I'm trying to index date values from the date column in a panda dataframe.
Open High Low Close Volume Dividends Stock Splits
Date
2013-01-07 00:00:00-05:00 71.951356 72.440875 71.877924 72.285858 1859400 0.0 0.0
2013-01-08 00:00:00-05:00 72.090030 72.514278 71.151782 71.535240 2173700 0.0 0.0
2013-01-09 00:00:00-05:00 71.926850 72.848777 71.779993 72.661125 2569200 0.0 0.0
2013-01-10 00:00:00-05:00 72.971141 73.370914 72.448986 73.354599 2364800 0.0 0.0
2013-01-11 00:00:00-05:00 73.313856 73.950232 73.036458 73.118050 3284900 0.0 0.0
... ... ... ... ... ... ... ...
2022-12-30 00:00:00-05:00 426.880005 429.739990 424.820007 428.760010 759900 0.0 0.0
2023-01-03 00:00:00-05:00 428.000000 428.160004 420.200012 424.290009 1166300 0.0 0.0
2023-01-04 00:00:00-05:00 423.929993 426.359985 420.209991 423.480011 1050800 0.0 0.0
2023-01-05 00:00:00-05:00 422.570007 423.489990 412.609985 414.730011 1485000 0.0 0.0
2023-01-06 00:00:00-05:00 416.200012 428.540009 416.010010 426.470001 1042200 0.0 0.0
When I look up the column names, the first column 'Date' doesn't exist, so am unable to reference it when setting an index.
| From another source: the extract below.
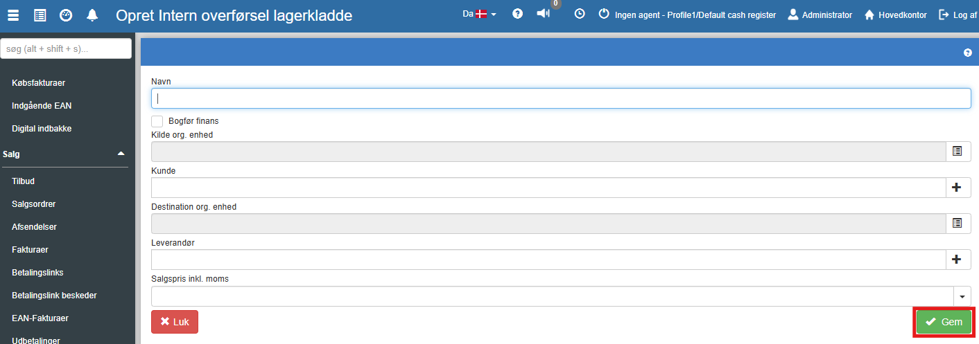 En kladde for intern overførsel bruges til at registrere og dokumentere overførsler af varer mellem forskellige organisatoriske enheder i Sapera, eksempelvis mellem to butikker eller lagerlokationer. Kladderne gør det muligt at følge varebevægelsen internt i organisationen og sikrer, at beholdninger opdateres korrekt begge steder.

>>> for col in stock_df.columns:
... print(col)
...
Open
High
Low
Close
Volume
Dividends
Stock Splits
When I reference index[0] in my data frame, it shows the first column being 'Open'.
>>> stock_current_price = stock_df["Open"].loc[stock_df.index[0]]
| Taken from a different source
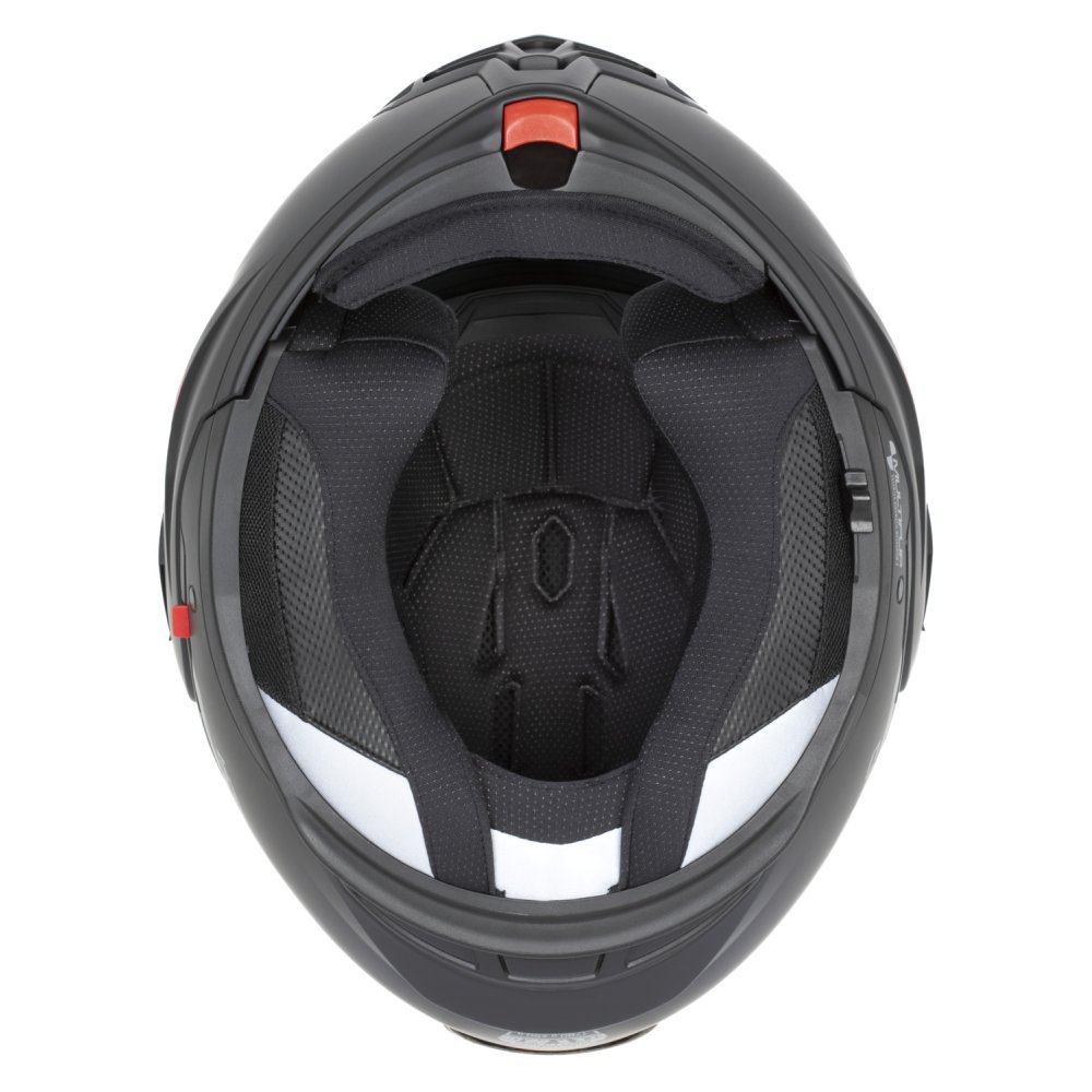 Patentovaný mechanismus překlopné části, příprava pro sluchátka s kabeláží komunikátorů a komfortní interiér z materiálu IONIC+® s částečným límcem obepínajícím hlavu ve spodních partiích, který disponuje velkým množstvím reflexních prvků.

>>> print(stock_current_price)
71.95135572116979
If I reference iloc[:, 0] to my dataframe (or any integer), I get the 'Open' column value with the date included. But I can't separate the date column to be used as an index.
>>> test = stock_df.iloc[:, 0]
>>> print(test)
Date
2013-01-07 00:00:00-05:00 71.951356
2013-01-08 00:00:00-05:00 72.090030
2013-01-09 00:00:00-05:00 71.926850
2013-01-10 00:00:00-05:00 72.971141
2013-01-11 00:00:00-05:00 73.313856
...
2022-12-30 00:00:00-05:00 426.880005
2023-01-03 00:00:00-05:00 428.000000
2023-01-04 00:00:00-05:00 423.929993
2023-01-05 00:00:00-05:00 422.570007
2023-01-06 00:00:00-05:00 416.200012
This includes any index integer referenced, so other column iloc's will also have the date shown.
>>> test = stock_df.iloc[:, 4]
>>> print(test)
Date
2013-01-07 00:00:00-05:00 1859400
2013-01-08 00:00:00-05:00 2173700
2013-01-09 00:00:00-05:00 2569200
2013-01-10 00:00:00-05:00 2364800
2013-01-11 00:00:00-05:00 3284900
...
2022-12-30 00:00:00-05:00 759900
2023-01-03 00:00:00-05:00 1166300
2023-01-04 00:00:00-05:00 1050800
2023-01-05 00:00:00-05:00 1485000
2023-01-06 00:00:00-05:00 1042200
I would like to take a large dataframe and specify a column value (Open) for example based on a specific "%Y-%m-%d" date. I'm worn out from coding tonight and hoping that a second set of eyes can take a look and help point me in the right direction.
CodePudding user response:
A DataFrame is surrounded by an index and columns; that's its primary difference from, say, a NumPy array. The "Date" values are in the index part, not in its own column, so, e.g., df["Date"]
will fail and df.iloc[:, N]
wouldn't find it for any N; because it's df.index
. If you must, you can move it to become a column with df.reset_index()
.
However! Index is a crucial part of a DataFrame (or a Series). Almost all operations care about it and you should too :) Arguably, the "Date" is better kept as an index in your case, because
specify a column value (Open) for example based on a specific "%Y-%m-%d" date
is conveniently doable as it stands with
df.loc["1997-04-27", "Open"]
as opposed to
df.loc[df.Date.eq("1997-04-27"), "Open"]
if it ("Date") was a column instead. And it turns out it only gets worse if you want to perform more datetime-specific operations, e.g., resampling, subsetting etc.
(Noting that in df.loc
, part before "," addresses index, and after "," addresses columns.)